If a resurgence of the virus necessitates that Fordham suspend all face-to-face instruction for a period, the asynchronous portions of courses would be unaffected, while the synchronous portions would continue via videoconferencing technology with minimal disruption.
^^^Fordham plans to minimize the disruption when it switches classes from remote to in-person, or vice versa. One component of most classes (asynchronous recordings) will always be the same (whether remote or on-campus), but the other component (synchronous Zoom/Blackboard sessions) will change. Being in NYC, Fordham is more likely to start the fall term online. If the situation later permits, students then return to campus.
That is what people think of the American model of college, but most American college students commute to college from where they lived before. The residential college experience is mostly an upper to upper middle class thing these days, with a relatively small number of students from lower SES parents but with competitive high school academic credentials (despite competing against those whose higher SES parents were better able to provide opportunities to earn merit) being able to partake on financial aid or scholarship.
All true – and all facts of which we are aware. Yet as you yourself have seen here on CC, there ARE many parents who send their children to these types of school, and they are very upset about the upcoming changes to their children’s “college experience.” Those colleges and universities, those arts and music schools and yes, those STEM schools – and their related “experience” is why CC exists, frankly.
I personally believe many of those wonderful - albeit economically unsustainable - schools and universities will go the way of the dinosaur. COVID has just exploded – and will be just as deadly to the 2nd tier private LACs and universities as the comet/asteroid was to dinosaurs.
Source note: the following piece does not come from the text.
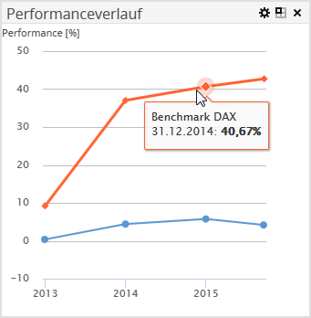 Beispiel: Kundenwidget "Performanceverlauf" mit Benchmark und jährlicher Berechnung
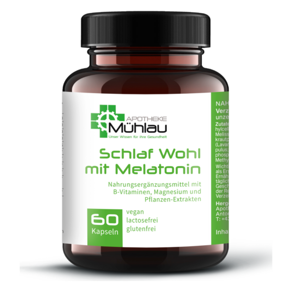 Magnesiumoxid, Überzugsmittel: Hydroxypropylmethylcellulose (pflanzliche Kapselhülle), Griffonia simplicifoliasamen-Extrakt (98% 5-Hydroxytryptophan (5-HTP)), Melissenblattpulver (Melissa officinalis L.), Passionsblumenkrautpulver (Passiflora incarnata L.), Hopfenzapfen-Extrakt (Humulus lupulus; 5% Humulon), Calcium-D-pantothenat, Pyridoxal-5‘-phosphat, Melatonin, Pteroylmonoglutaminsäure, Methylcobalamin.

One of the classes my son is currently taking (at a different college) is structured similarly, even before COVID-19. Lectures are always delivered via video recordings (the professor is good at delivering online lectures as he also does it for Coursera). Students are supposed to study the materials before the classes, which are purely for discussions. For remote learning, the only change is that the discussions are now over Zoom rather than in-person.
They specifically said that they were going to start according to schedule (late August). I don’t get the idea of ‘starting first online’ - the BEST chance for low case counts are going to be August/September - and the best chance for a ‘second wave’ is after that. So, i’m guessing most colleges will start in August (in person) and go from there. Testing is going to be what it is by then. The state and the colleges have 3 months to get everything together.
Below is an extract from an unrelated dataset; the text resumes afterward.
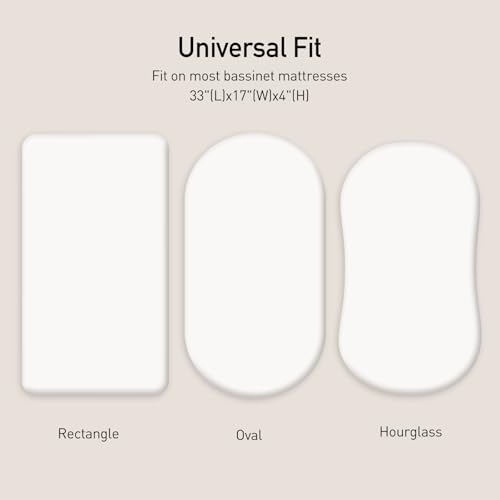 - Universal 2-Pack Set: These versatile baby bassinet sheets measure 33" x 17" with a 4" depth, fitting a variety of mattress shapes including hourglass, oval, and rectangle. You get two premium bassinet sheets, making it convenient for changes and ensuring you always have a fresh sheet ready
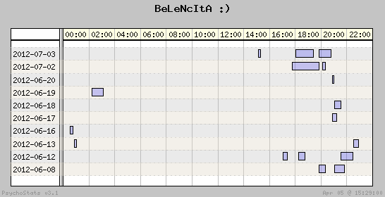 | 2012-06-19 | 27 | 25 | 1.08 | 9 | 33.33% | 22.99% | 00:53:54 | 302.19 |

I’m not sure I understand the privilege argument. Wouldn’t having the ability to take a gap year or afford to attend an expensive university online both be the result of privilege? Would spending a year helping with contact tracing or tutoring kids who missed instructional time make them any more or less privileged than their peers who are taking classes remotely? I would imagine that employers are going to see a lot of non-traditional educational profiles over the next several years.
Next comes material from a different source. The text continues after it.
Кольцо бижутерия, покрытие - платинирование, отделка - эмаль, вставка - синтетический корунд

There’re a few unknowns that may change this calculus:
We don’t yet know whether the current wave will go away this summer (likely but not guaranteed).
Some schools and localities may not be ready by late August (needed tests, PPEs, etc.)
According to a study of historical epidemics over the last 250 years (an article in NYTimes but I don’t have the link at the moment), the second wave has always been about 6 months behind the first wave. If that pattern holds, the second wave will start in August/September.
My son, an international student decided to attend Fordham this fall. I read the Fordham’s plan and couldn’t imagine what the class will look like. Either online or on campus, it is what it is. I am trying not to think too much.